We should be looking for ways to minimize the bureaucratic procedures people must go through to access their benefits. The FSA 2.0 emulates one of the best-performing anti-poverty programs by emulating the EITC framework.
Looking beyond wage income
An additional benefit of an income requirement is that increasing what counts as income can open up the program to more caregivers of children.
For example, take the two caregivers who might be excluded from the FSA 2.0 mentioned above: grandparent caregivers and unemployed caregivers in a severe recession. They are not working through no fault of their own. But both groups could receive substantial incomes through programs such as Social Security and unemployment insurance, pushing their families above the $10,000 requirement. Senator Joe Manchin (D-WV) has previously supported making nonworking grandparents caring for grandchildren eligible to receive the CTC, despite his support for work requirements. An earnings requirement that includes nonwage income can square that circle. The FSA 2.0 plan is currently ambiguous on how it will count income, but under the normal definition of gross income, both would apply.
Recognizing other forms of nontaxable income toward an income requirement could further expand FSA eligibility. For example, student grants and loans are not typically taxed but could still be counted as income to help students qualify for the FSA.
A fully refundable child allowance is still the best policy.

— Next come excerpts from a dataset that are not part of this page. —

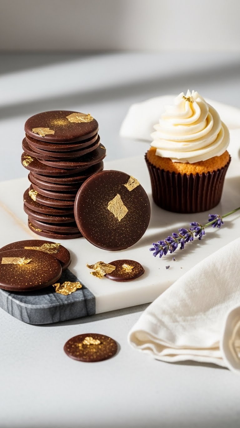 These chocolate disks are sleek and modern. The chocolate gives a firm, glossy snap. Gold leaf adds luxe metallic shine. They’re perfect for black-tie and modern weddings. You’ll like the contrast of rich chocolate and delicate metallic shimmer.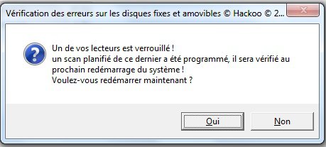 un message va vous informer que [b]"un scan planifié de ce dernier a été programmé, il sera vérifié au prochain redémarrage du système"[/b], et qu'il faut redémarrer. Alors, redémarrer et le disque sera vérifié et réparé au besoin.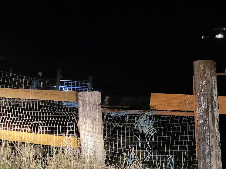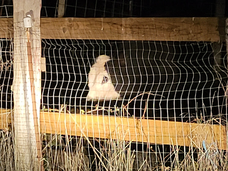 We immediately called Jake, but he was up in Rhododendron and couldn’t leave right away (he was on a job). So we called our next door neighbors, who came over right away to help us. They came prepared, and after walking the fence and discovering that a tree had come down over it and broken it, which is how Kiko got out, Nolemana opened the gate to let Kiko in and keep the other pīpī in, but Kiko wasn’t having any of it. He even tried to nurse through the fence!! Silly pīpī!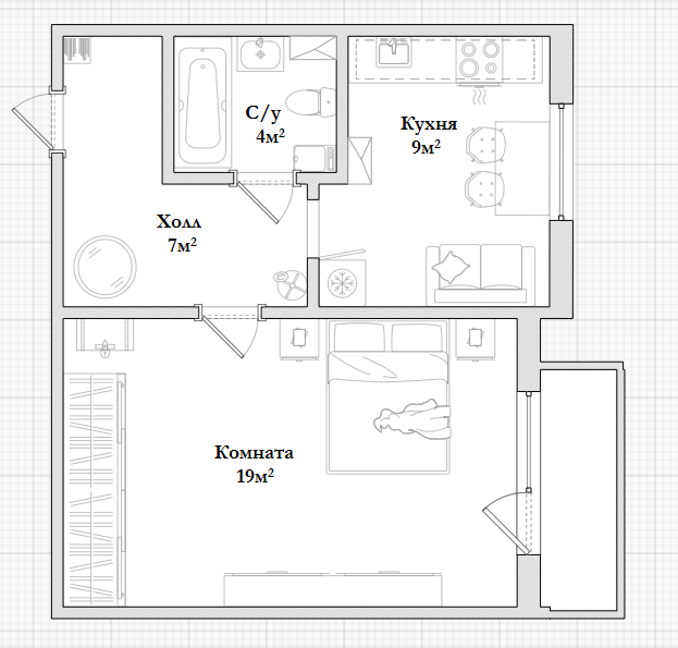 Жилая площадь 19 м2

The shift away from the first version of the FSA is disappointing but appears to be a necessary concession given the failure to pass earlier versions. As bipartisan discussions take place, we encourage legislators to push for eliminating the income requirements, especially for parents of younger children and children raised by grandparents. But we should not lose sight of the FSA 2.0’s potential to simplify and strengthen family policy.